The Sharpe ratio remained the same at 1.855, as well as the beta at 0.369. The win rate also came out the same at 65%. All indicating the trade mechanics and portfolio metrics were about the same as in the $10k case. This would suggest that there was not that much incremental risk since those numbers stayed the same. The main change was in the trade execution, in the bet sizing department (larger bets). CAGR stood at 73.366% which was very close to the $10k scenario with its 73.358%.
This does demonstrate that the strategy could scale from $10k to $10M (a factor of 1,000) and still perform as should be expected. Accepting its scalability, I even tried an initial capital selected almost at random ($237,815) and got back 120,215.286% for net profit indicating again the strategy's scalability. Its CAGR was 73.365%, also very close to either the $10k or the $10M scenario.

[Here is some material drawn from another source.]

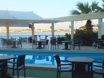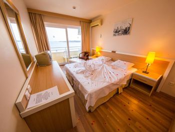 Бронировали номер с фронтальным видом на море над бассейном в итоге дали боковой номер над зоной приёма гостей. Цену при этом не изменили. Но люди говорят номера над бассейном просто крохотные( Анимация с 10.00 до 23.00, музыка даже на пляже рядом играет очень громко - отдохнуть или поспать просто не получится(( пляж маленький, чтобы занять место необходимо класть полотенца чуть ли не в 06.00 утра. Смутила часть пляжа вынесенная на парковку при отеле. Шезлонги стоят на брусчатке. Думаю это ненормально((( дно пляжа песок и камни, грязноват, что сам песок, что море, море мелкое, плавать только можно практически у буяков( Обратили внимание недостаточная чистота столов и общая обшарпанность номеров ((

Note that the initial stake is not a program decision. That decision is up to the strategy designer, and therefore we are the ones making that decision.
Will proceed to the next level of testing in order to find the limits and boundaries of this program to then scale back to whatever performance level I might find acceptable. I know, it will be some compromise in the risk/reward space. We all have to make those choices. It does take time to explore a strategy's potential, pitfalls, and shortcomings to then code improvements.
@S.T.E, sorry, but understandably, after having transformed a basic trading strategy above a certain performance level I do not put out code. However, I do provide outcome examples of what could be done and some data on what makes it reasonable and possible.
Of course this is all in-sample, I assume, which as I demonstrated, makes these dizzying numbers highly suspect.
John von Neumann famously said:
"With four parameters I can fit an elephant, and with five I can make him wiggle his trunk."
I've read many of your posts on your blog, and on quantopian; very interesting indeed! I would be interested where out-of-sample testing fits into your philosophy?